Sentencing recommendations

[15] I have regard to the Sentencing Act. After a finding of guilt, the Court proceeds to mitigation; parties may move to introduce evidence for aggravation/mitigation; and the final verdict must record the sentencing consideration, including aggravating/mitigating factors and whether any framework was applied.

[16] No sentencing framework is provided for Article 61 in the Sentencing Act frameworks section, so no framework is applied.

[17] I identify the primary sentencing purposes relied upon as retributive justice, deterrence (individual and general), and denunciation; and the secondary purpose of reparation (including apology).

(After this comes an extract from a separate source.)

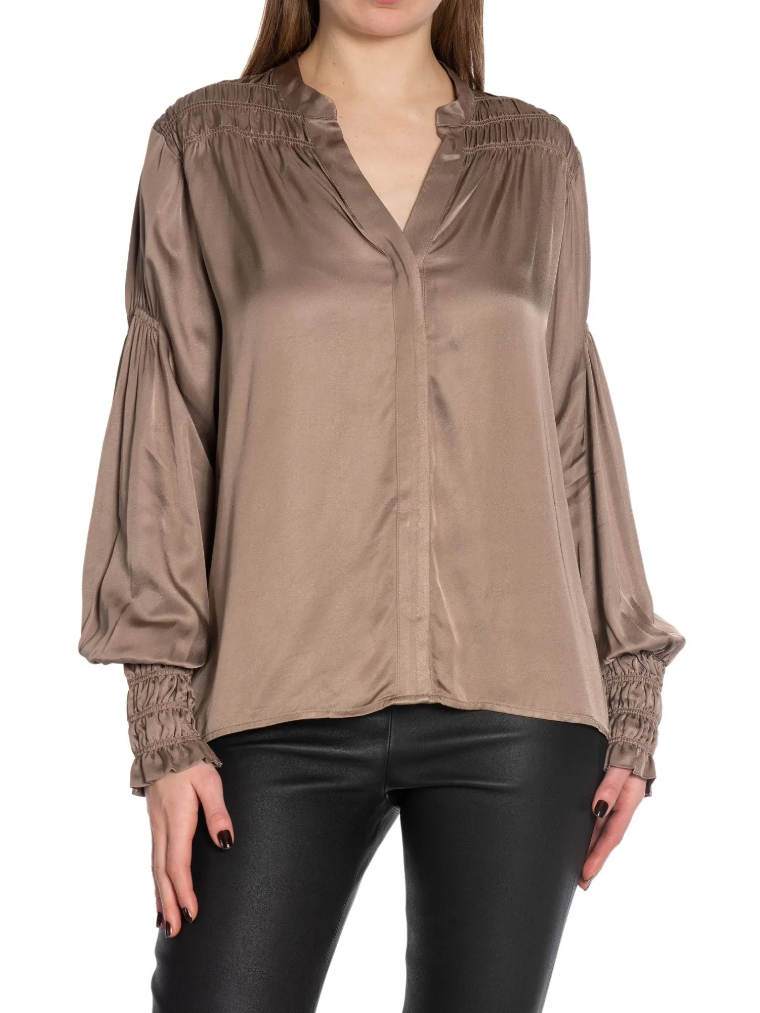 Blouse Estel from Levete Room. A silky blouse in a lovely walnut-color designed with smocked details at front and v-neckline. Closures with hidden buttons at front.

[18] Aggravating factors I accept include planning/premeditation (configuring the bot to copy Nolan’s identifiers) and victim vulnerability to the extent Nolan was unavailable to promptly correct the record. These are recognised aggravating categories.

[19] I also treat as aggravating that the Defendant did not promptly correct the record during the incident.

[20] Mitigating factors include the limited scale/duration (the prosecution’s material refers to 9 messages within a short span) and the Defendant’s apology tendered at the mitigation stage, which is a recognised mitigating factor (though I give it reduced weight because it was late).

Verdict

[21] Article 61 allows a ban between one week and two months.

[22] Balancing seriousness, culpability, harm risk, and mitigation, I impose a ban of 3 weeks. It is so ordered.